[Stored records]
■ ■ ■ ■
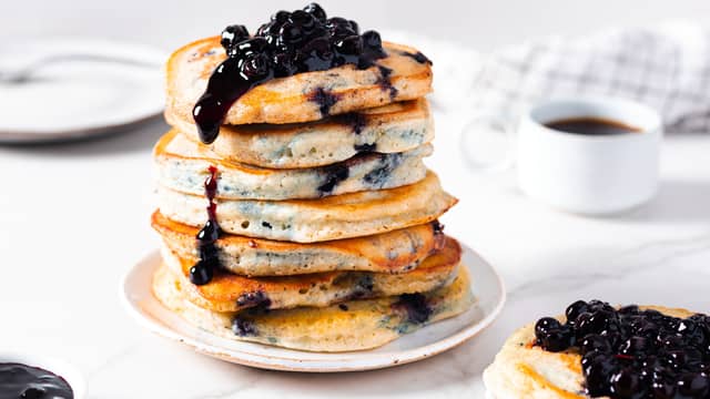 Oppskrift på tykke, luftige amerikanske pannekaker. En favoritt til frokost, med smeltet smør eller lønnesirup og friske bær. Denne oppskriften gir 12 små og tykke pannekaker. Du kan også lage blåbærpannekaker, ved å ha blåbær i røren. Se restetips i video.
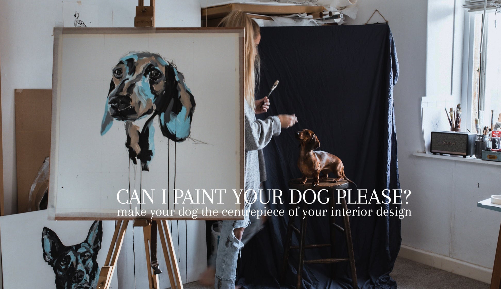 Amy is a contemporary artist specialising in custom dog portraits of your pets. Typically working from photographs, in acrylic paint.
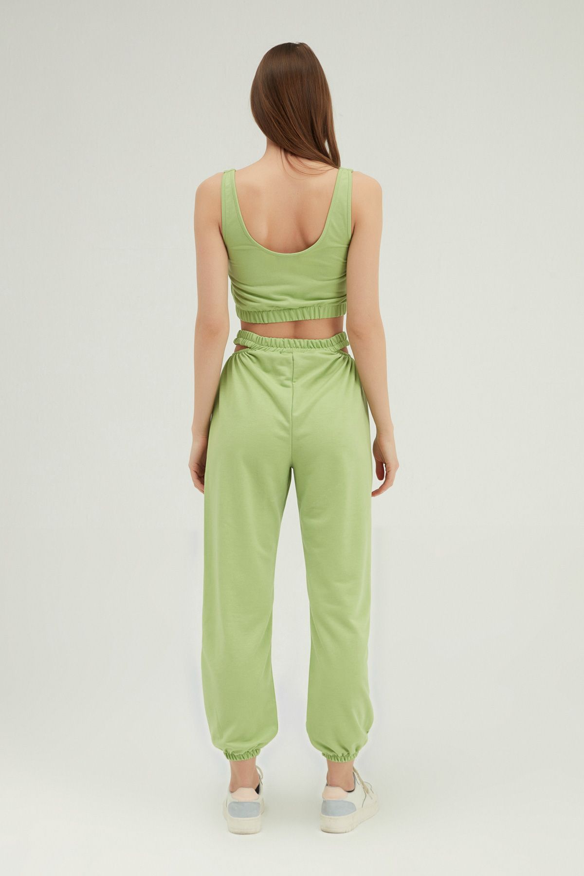 Jogger trousers with elasticated hems will tempt you with their elasticated decollete at the waist. You can use comfortably cut jogger trousers with elastic waistband, in your daily and sports routine.
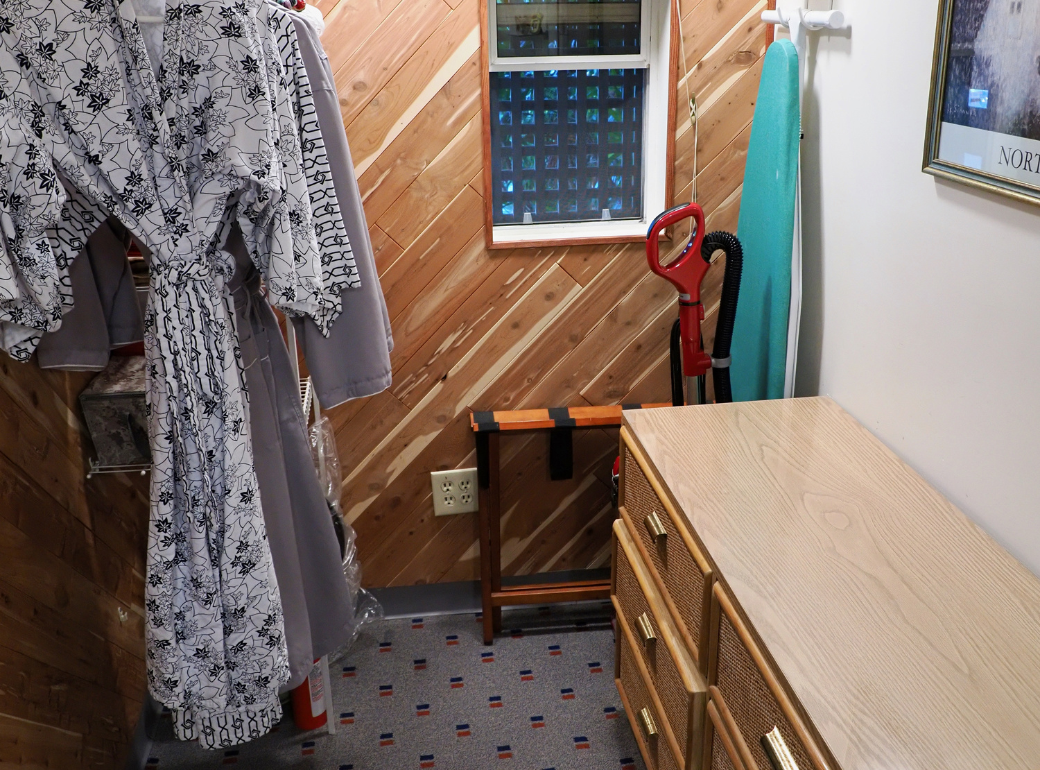 奥に入って照明のスイッチを入れると、アメリカTVドラマに出てくる様な納戸。雑多にモノがおいてあります。その奥に、乾燥機と洗濯機が。
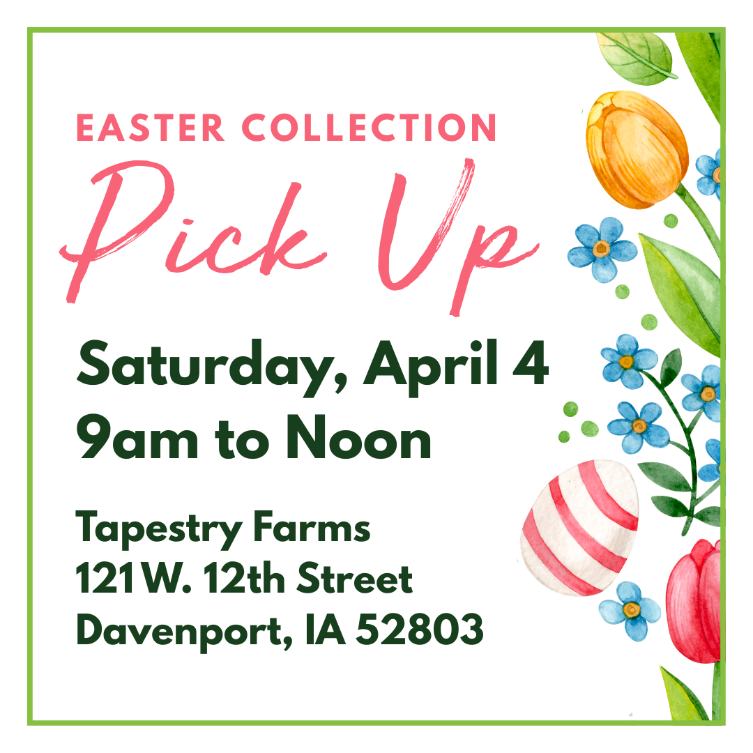 Order online and pick-up Saturday, April 4 from 9am to Noon at Tapestry Farms.
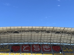 行ってみたかったカンセキスタジアムとちぎ、ようやくこの目で見て来ました♪あれ?平日だけど駐車場が混んでる…!ゲートも空いているみたいだし、立派な階段を上がりゲートAの前まで行ってみました。後で調べたら「宇都宮市小学校陸上競技大会」が行われていたようです。ユニフォーム姿のチーム?集合写真撮影の様子、その後方にはまだ真新しい黄色の座席を目撃し、こちらまでワクワクしてしまいました。良い日に野次馬見学が出来ました! (訪問:2024/10/29)
■ ■ ■ ■
● **Exercise details**: The range to print runs from the line with "Jogger trousers with elasticated" through the last line of the entries, both included; keep it exact and skip the pictures.

● **Solution for this problem**:
 Jogger trousers with elasticated hems will tempt you with their elasticated decollete at the waist. You can use comfortably cut jogger trousers with elastic waistband, in your daily and sports routine.
 奥に入って照明のスイッチを入れると、アメリカTVドラマに出てくる様な納戸。雑多にモノがおいてあります。その奥に、乾燥機と洗濯機が。
 Order online and pick-up Saturday, April 4 from 9am to Noon at Tapestry Farms.
 行ってみたかったカンセキスタジアムとちぎ、ようやくこの目で見て来ました♪あれ?平日だけど駐車場が混んでる…!ゲートも空いているみたいだし、立派な階段を上がりゲートAの前まで行ってみました。後で調べたら「宇都宮市小学校陸上競技大会」が行われていたようです。ユニフォーム姿のチーム?集合写真撮影の様子、その後方にはまだ真新しい黄色の座席を目撃し、こちらまでワクワクしてしまいました。良い日に野次馬見学が出来ました! (訪問:2024/10/29)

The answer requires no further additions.